Le DUERP doit intégrer ces situations de coactivité et les relier aux plans de prévention, PPSPS ou consignes applicables selon les cas.

2) Les circulations temporaires

Sur chantier, les circulations changent vite : livraison imprévue, zone condamnée, stockage déplacé, cheminement boueux, éclairage insuffisant. Le risque de heurt, de chute de plain-pied ou de collision ne se limite pas au plan initial.

Une visite terrain régulière permet de réviser l’évaluation lorsque l’organisation réelle s’écarte de ce qui était prévu.

3) Les fortes chaleurs et le port d’EPI

La chaleur devient un facteur aggravant lorsqu’elle se combine avec l’effort physique, les horaires, l’exposition au soleil, le port du casque, des gants, des chaussures de sécurité ou d’équipements antichute. Depuis le décret du 27 mai 2025, l’employeur doit évaluer les risques liés aux épisodes de chaleur intense et définir des mesures de prévention lorsque le risque est identifié.

Les mesures doivent être concrètes : adaptation des horaires, pauses, eau fraîche, zones d’ombre, organisation des tâches lourdes, consignes d’alerte et suivi des salariés isolés.

4) Les poussières et expositions différées

Silice, bois, ciment, amiante résiduelle, poussières générées par la découpe ou le ponçage : certaines expositions ne produisent pas d’effet immédiat visible. Elles sont pourtant déterminantes pour la santé à long terme.

Le DUERP doit donc distinguer les risques d’accident immédiat et les expositions chroniques, en prévoyant captage, aspiration, procédures, protections respiratoires et formation.

5) Les engins et autorisations de conduite

Un chantier peut disposer d’engins conformes et rester exposé si les autorisations, formations, attestations médicales ou règles de circulation ne sont pas suivies. Depuis le décret n° 2025-355, certaines autorisations de conduite et habilitations sont liées à une attestation d’absence de contre-indication médicale valable cinq ans.

Le DUERP doit donc dialoguer avec le suivi des habilitations et échéances. C’est l’un des intérêts d’une plateforme Secusoft : rattacher les risques aux compétences, documents et échéances nécessaires.

6) Les interventions courtes

Une réparation de dix minutes, un déchargement rapide ou une intervention en fin de journée sont parfois moins préparés qu’une opération longue. Pourtant, l’urgence, la fatigue ou l’improvisation augmentent la probabilité d’erreur.

Le DUERP doit intégrer ces situations atypiques : maintenance, dépannage, intervention isolée, livraison hors horaires habituels.

7) Les EPI choisis par habitude

Le port d’EPI ne suffit pas si l’équipement n’est pas adapté au risque, à la morphologie, à la tâche ou à la durée d’exposition.
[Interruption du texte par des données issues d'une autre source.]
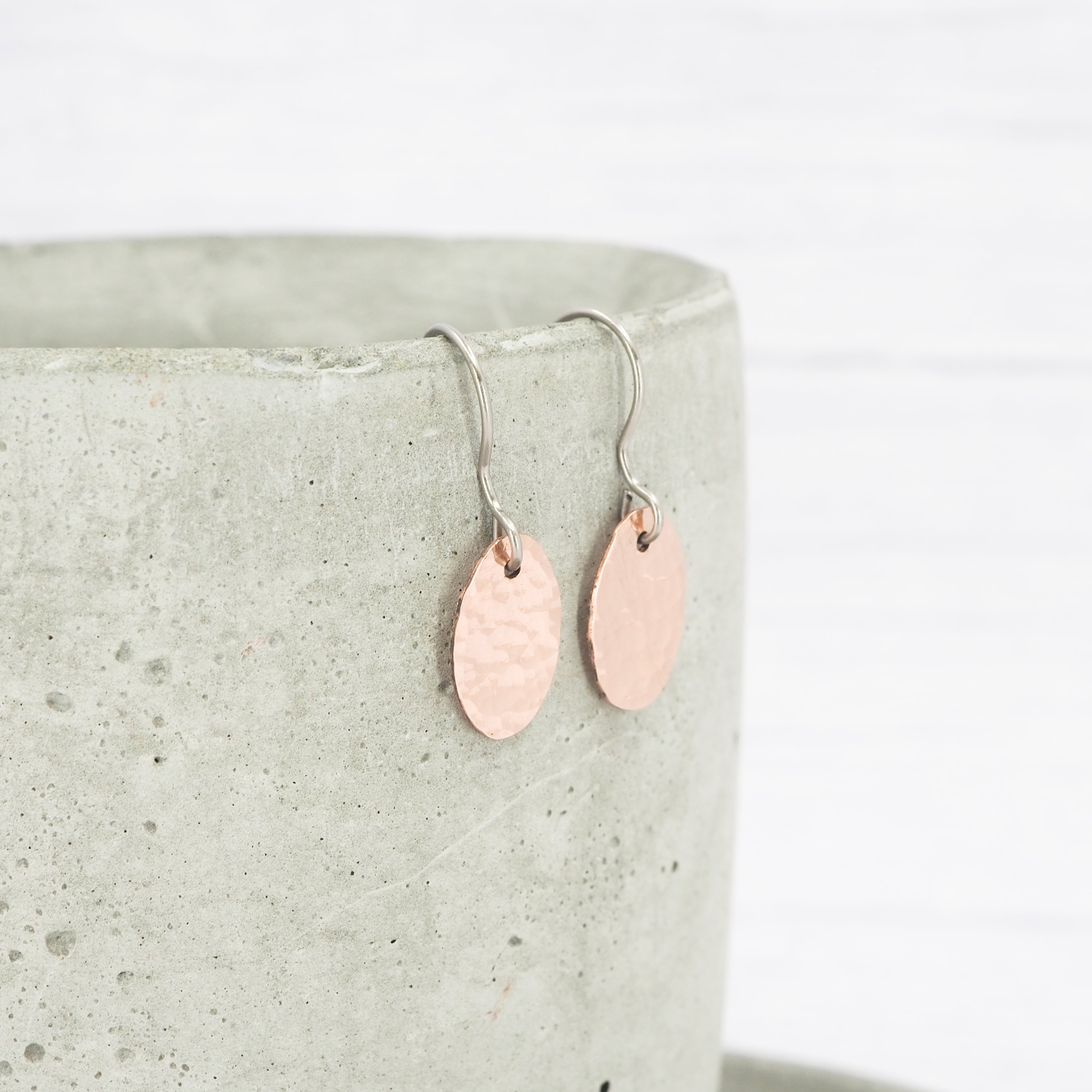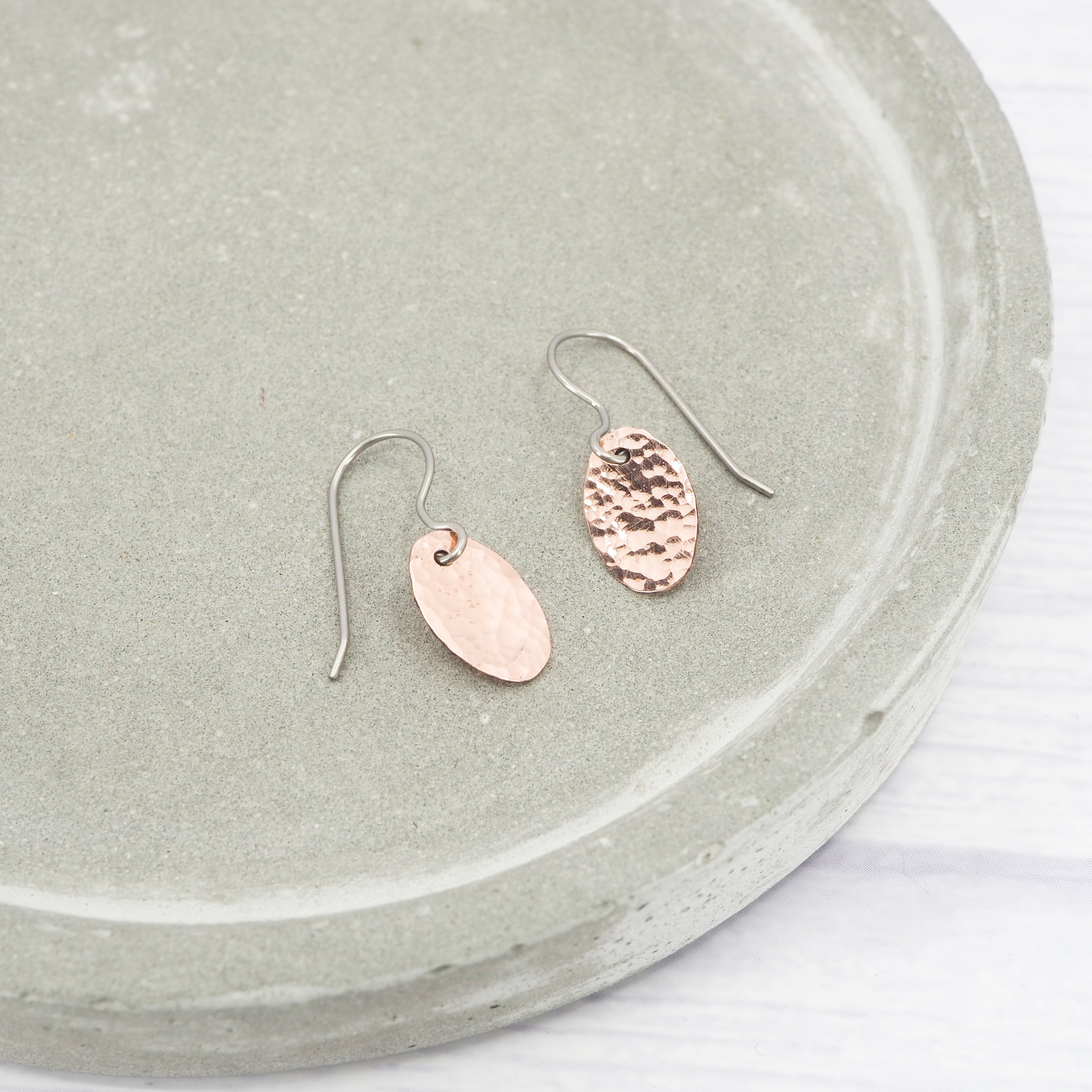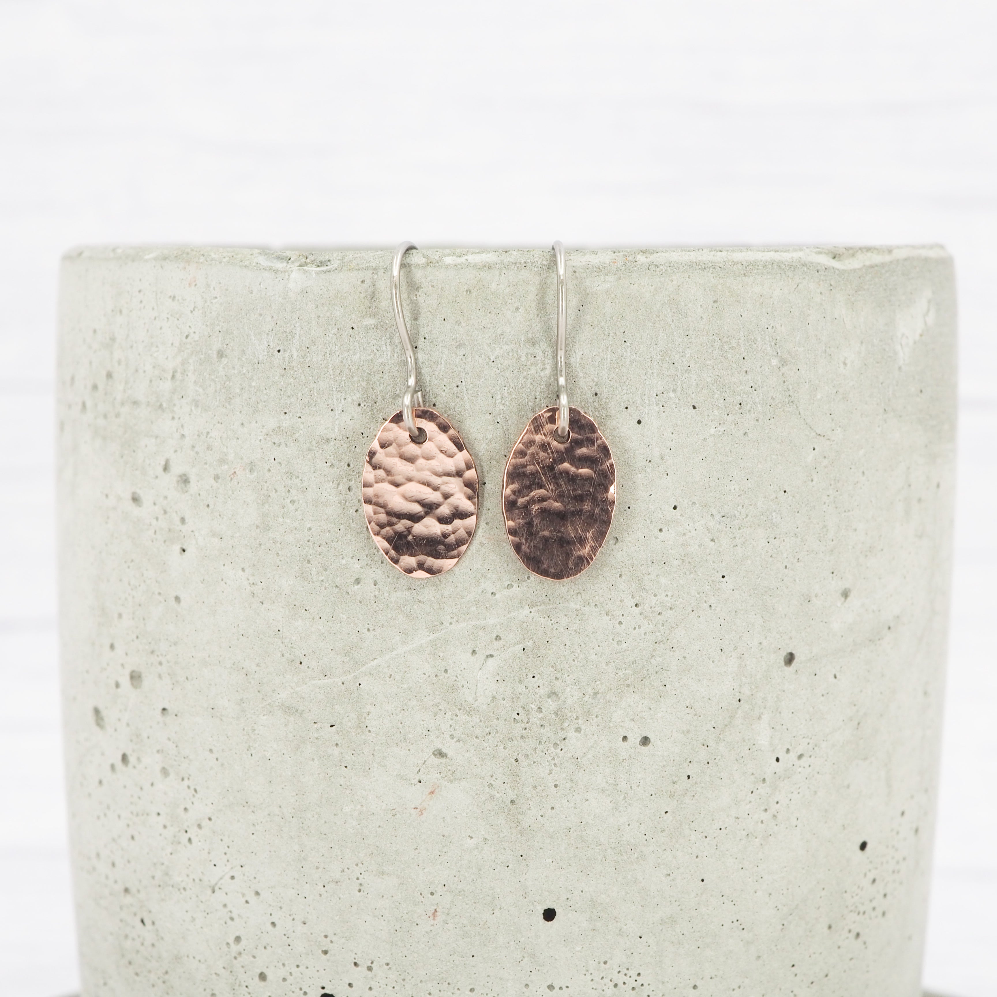 Copper dimple oval dangle earrings
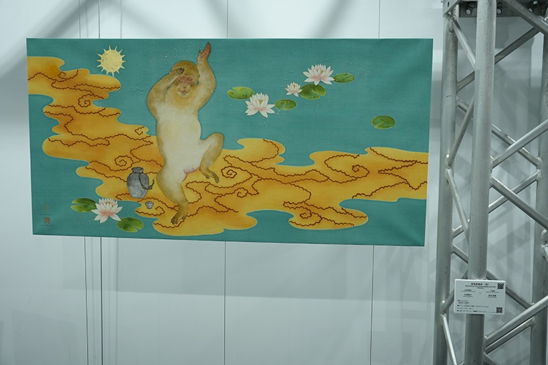 こちらは、京友禅染職人の永澤翔子と日本画家の板垣夏樹による京都らしい作品の「猿亀酔戯画」。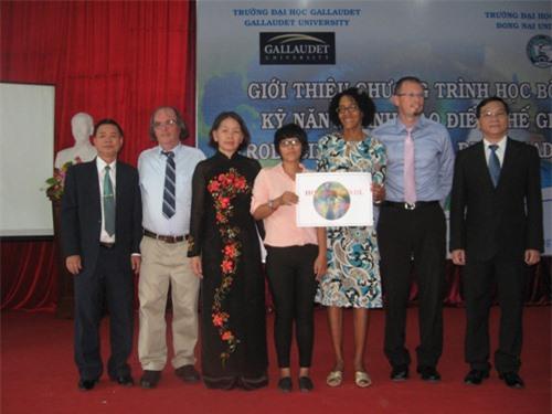 Đại diện ĐH Gallaudet trao học bổng cho Thủy Tiên.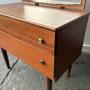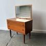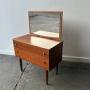 A compact and petite Mid-Century chest of drawers with mirror in rich-toned wood, supported on turned teak legs. It has two drawers with attractive round faux brass pulls. A mounted mirror sits neatly on the top surface.The mirror can be easily and cleanly removed to make just a chest of drawers if required.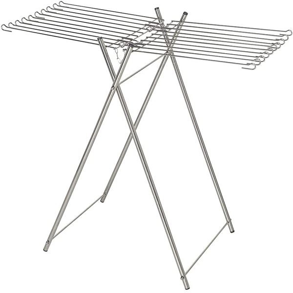 ステンレス製のタオルスタンド。タオルが最大20枚干せる。錆びに強く耐久性抜群。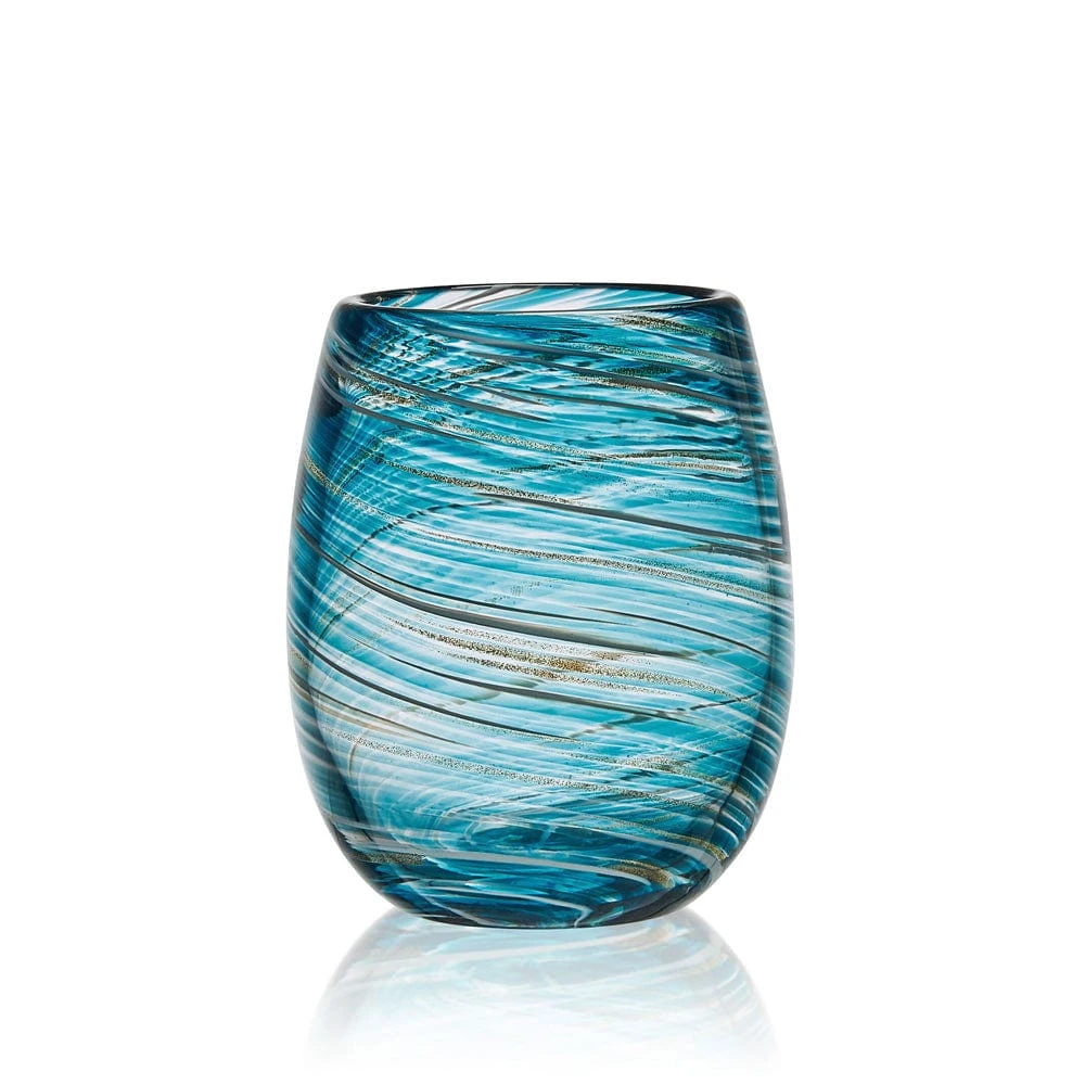 The Color Swirl Stemless Wine Glasses are uniquely handcrafted and feature contemporary curves, bold silhouettes, and distinct delicate bubble accents, in vibrant shades of blue swirling around the body, highlighted by metallic gold flecks that sparkle in the light, bringing modern allure to your parties and dinner gatherings.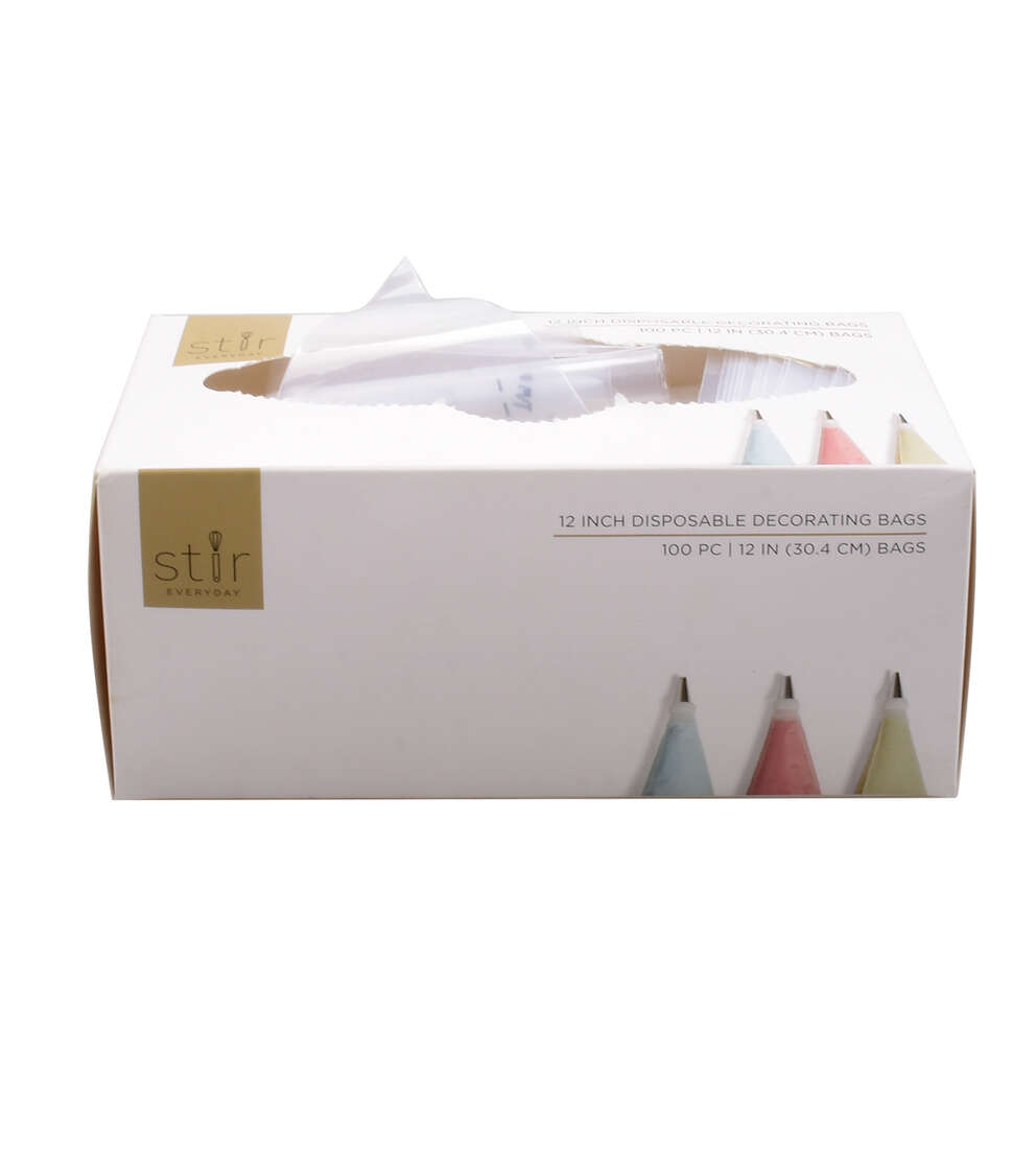Decorate cupcakes, cookies, cakes, and more with these disposable decorating bags. The 12-in. size fits plenty of icing, and the sturdy plastic prevents tearing. Best of all, the bags are disposable, so clean-up is a breeze!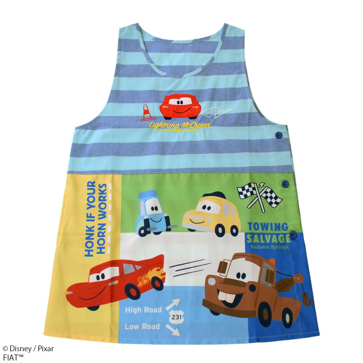 『カーズ』に登場するキャラクターがデザインされたエプロンです。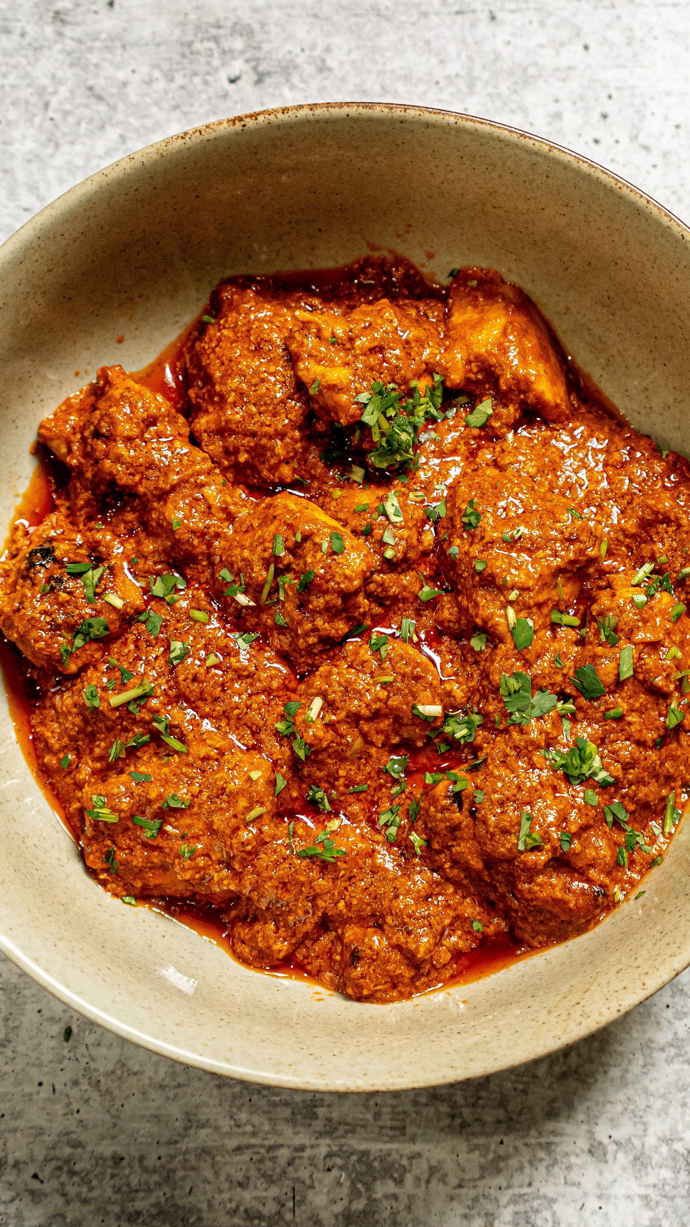 Tender marinated chicken thighs roasted, then finished in a spiced tomato-butter sauce enriched with crème fraîche. Balanced heat, deep flavor, and a glossy finish that clings to every bite.

Gants inadaptés, protection respiratoire mal portée, harnais non vérifié, lunettes abandonnées parce qu’elles gênent la vision : ces détails font la différence.

La gestion des EPI doit être reliée au DUERP : choix, remise, validité, vérifications périodiques et formation à l’utilisation.

8) Les sous-traitants et nouveaux arrivants

Un salarié expérimenté connaît souvent les habitudes du chantier. Un intérimaire, un apprenti ou un sous-traitant découvre les lieux, les flux, les consignes et les dangers spécifiques. Le risque augmente si l’accueil sécurité est trop rapide.

Le DUERP doit prévoir des mesures d’intégration : briefing, consignes, zones interdites, règles de circulation, référent identifié et vérification de compréhension.

9) Les actions qui ne sont jamais clôturées

Le BTP produit beaucoup d’actions : balisage à refaire, contrôle d’équipement, rappel de consigne, formation, achat de matériel, correction d’une zone dangereuse. Si ces actions ne sont pas suivies, le DUERP perd sa fonction de pilotage.

Les vérifications réglementaires et contrôles techniques doivent être intégrés dans une démarche globale, avec dates, responsables et preuves.

À retenir en une phrase

Dans le BTP, un DUERP utile ne liste pas seulement les grands risques : il suit les situations réelles du chantier, les changements quotidiens et les actions effectivement réalisées.